The ON and OFF ORNs share a specific single-walled sensillum type which arises as a hair-like structure from a ring-shaped socket (Figure 2). Characteristic features are longitudinal grooves in the surface of the basal part of the shaft and a slender tapering tip. Neuroanatomical and electrophysiological studies show that these sensilla are located on the distal and proximal margins of each of the 120–180 antennal segments. They make up about 6% of the olfactory sensilla in the male cockroach (Schaller, 1978; Burgstaller and Tichy, 2012; Tichy and Hellwig, 2018). Inserting the tip of a needle electrode into the sensillum base enables recording the action potentials of both ORN types at the same time. The OFF ORN typically displayed larger impulse amplitudes than the ON ORN. The clear differences in size and form of the impulses facilitated final identification of the different OFF ORNs by their antagonistic responses to slowly oscillating changes in odor concentration. A typical example is illustrated in Figure 3. Figure 3A shows the time course of the odorant concentration oscillating at a period of 60 s, and Figure 3B the corresponding rate at which concentration oscillates. Figure 3C indicates the time course of the miniPIDsignal and Figure 3D the flow rates of both the odor-saturated and the clean air stream. Increasing the concentration of the odorant of lemon oil raises the impulse frequency in the ON ORN (Figure 3E) and lowers it in the OFF ORN (Figure 3F). Correspondingly contrary effects are elicited by decreasing the odorant concentration. As indicated by the time-histograms in Figures 3G,H, the ON-ORN’s impulse frequency peaks just before the maximum instantaneous concentration, and that of the OFF-ORN just before the concentration minimum. The rate of concentration change, which is ahead of the oscillating instantaneous concentration, clearly also determines the activity of both ORNs.

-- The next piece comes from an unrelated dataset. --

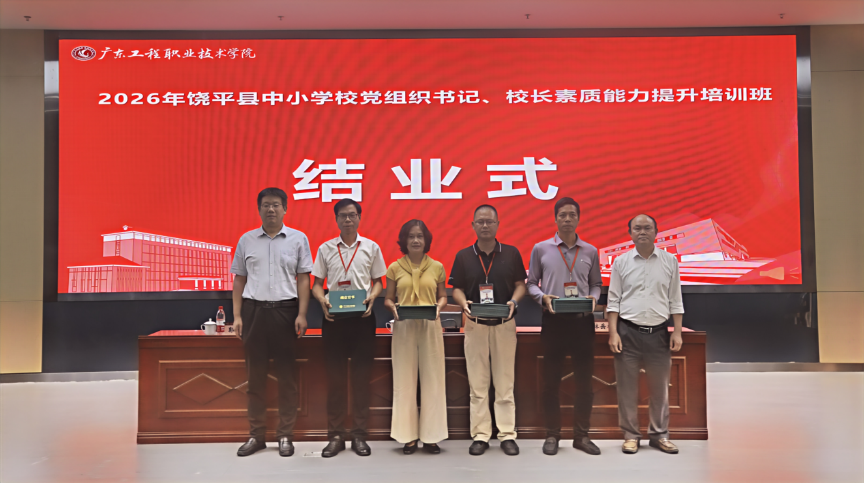 4月8日至11日,由广东工程职业技术学院联合饶平县教育局主办的2026年饶平县中小学校党组织书记、校长素质能力提升培训班在广东省职教城(清远)成功举办,该培训班自“双百行动”开展以来,持续3年深化实施培训了3期,不断提升饶平县基层教育工作骨干人员管理水平和业务水平。
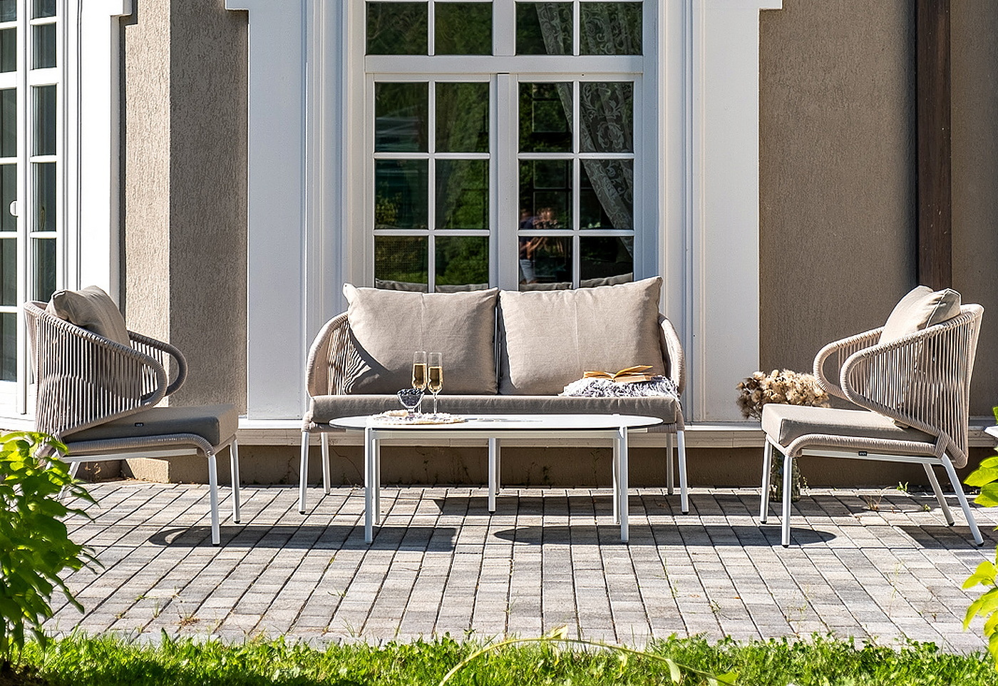 Каркас уличной мебели выполнен из износостойкого алюминия. Его дополняет бежевая ручная оплетка, изготовленная на основе эластичных синтетических лент из полиэфирных волокон высокой прочности (роупа).

Figure 2. Scanning electron micrograph of the olfactory sensillum on the cockroach antenna containing the ON and OFF ORNs. The sensillum has a slender, hair-like form with a slightly curved tip. The basal part of the shaft wall is grooved, the distal part is smooth and perforated by pores.
Figure 3. Simultaneously recorded single sensillum responses of a pair of ON and OFF ORNs. Stimulation consisted of slow and continuous upward and downward changes of the concentration of lemon oil odorant delivered at two different air flow velocities. Arrow indicates change in air flow velocity from 1 to 1.25 m/s. (A) Time course of instantaneous odorant concentration. Duration of oscillation periods: 60 s. (B) Time course of the rate of concentration change. The maxima and minima of the oscillating rate of concentration change are in advance of the maxima and minima of the oscillating instantaneous odorant concentration (vertical dotted line). The noisy signal results from the slow rate of concentration change in a narrow range of ±3.5%/s. (C) Time course of odorant concentration measured with a photoionization detector (miniPID). The signal values were normalized to the maximum value obtained in each experiment and set to 1. The concentration maxima and minima indicated by the oscillating flowmeter A signal (A) correspond with the concentration maxima and minima of the PID signal. (D) Time course of the summed flow rates of the odor-saturated air stream measured with flowmeter A (yellow oscillations) and the clean air stream measured with flowmeter B (gray oscillations, inverse to yellow oscillations); the summed flow rates of both air streams were used to calculate the air flow velocity of the olfactory stimulus. (E) Extracellularly recorded activity of the ORNs. Both types discharge continuously during the concentration cycles. The OFF ORN typically generates greater impulse amplitudes than the ON ORN. (F) Off-line sorted action potentials of the ORNs obtained by spike detecting and template matching techniques using Spike2 software (Cambridge Electronic Design, United Kingdom). Green impulses originate from the ON ORN, blue impulses from the OFF ORN. (G,H) Instantaneous impulse frequency of the ON and OFF ORNs, respectively; bin width, 0.2 s. Insets action potentials classified by matching the shape of each action potential against shape templates. Template windows show template boundaries of spike waveforms from the two ORNs. F impulse frequency, v velocity.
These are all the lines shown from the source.